▶ _DATA PROVIDED_
---*---

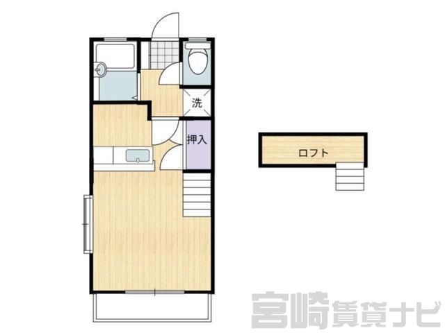 | 設備 | バス・トイレ別:バス・トイレ別、 シャワー:シャワー、 冷暖房設備:冷暖房:エアコン、 フローリング:フローリング、 ロフト:ロフト付き | ||
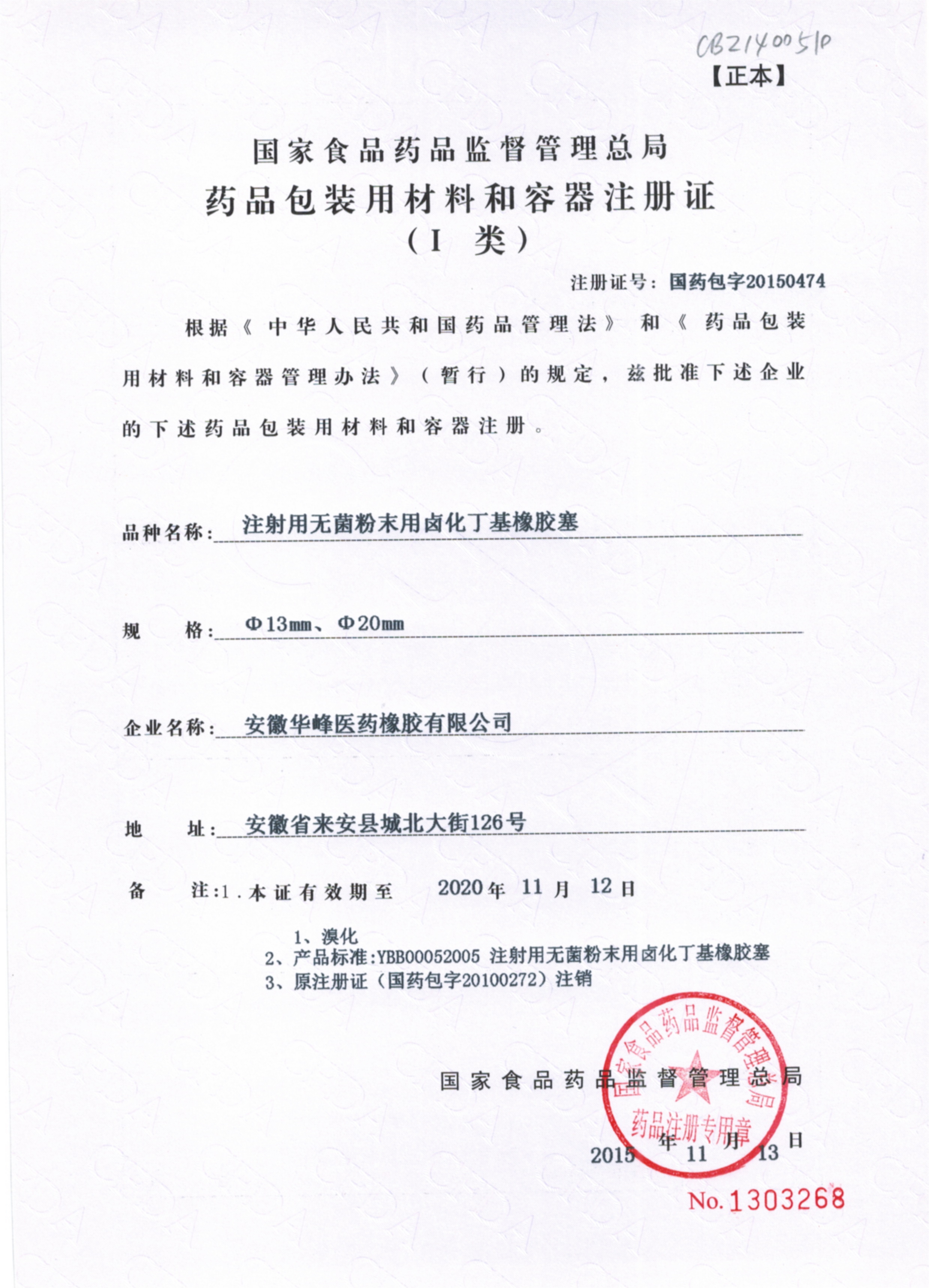 Registration Certificate for Halogenated Butyl Rubber Stopper for Sterile Powder for Injection (Brominated)
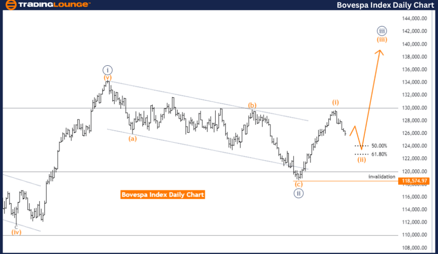 The Bovespa Index Elliott Wave Analysis on the daily chart indicates the market is currently in a counter-trend phase, characterized as corrective. The focus is on Orange Wave 2, positioned within Navy Blue Wave 3. This suggests the market is undergoing the second corrective wave within a larger third wave, often part of a larger trend.
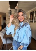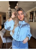 Bohemian Skye Blue Embroidered Cropped Blouse

---*---

Please output every line of the listing as it stands, and omit its images.

▶ _RESPONSE BELOW_
 | 設備 | バス・トイレ別:バス・トイレ別、 シャワー:シャワー、 冷暖房設備:冷暖房:エアコン、 フローリング:フローリング、 ロフト:ロフト付き | ||
 Registration Certificate for Halogenated Butyl Rubber Stopper for Sterile Powder for Injection (Brominated)
 The Bovespa Index Elliott Wave Analysis on the daily chart indicates the market is currently in a counter-trend phase, characterized as corrective. The focus is on Orange Wave 2, positioned within Navy Blue Wave 3. This suggests the market is undergoing the second corrective wave within a larger third wave, often part of a larger trend.
 Bohemian Skye Blue Embroidered Cropped Blouse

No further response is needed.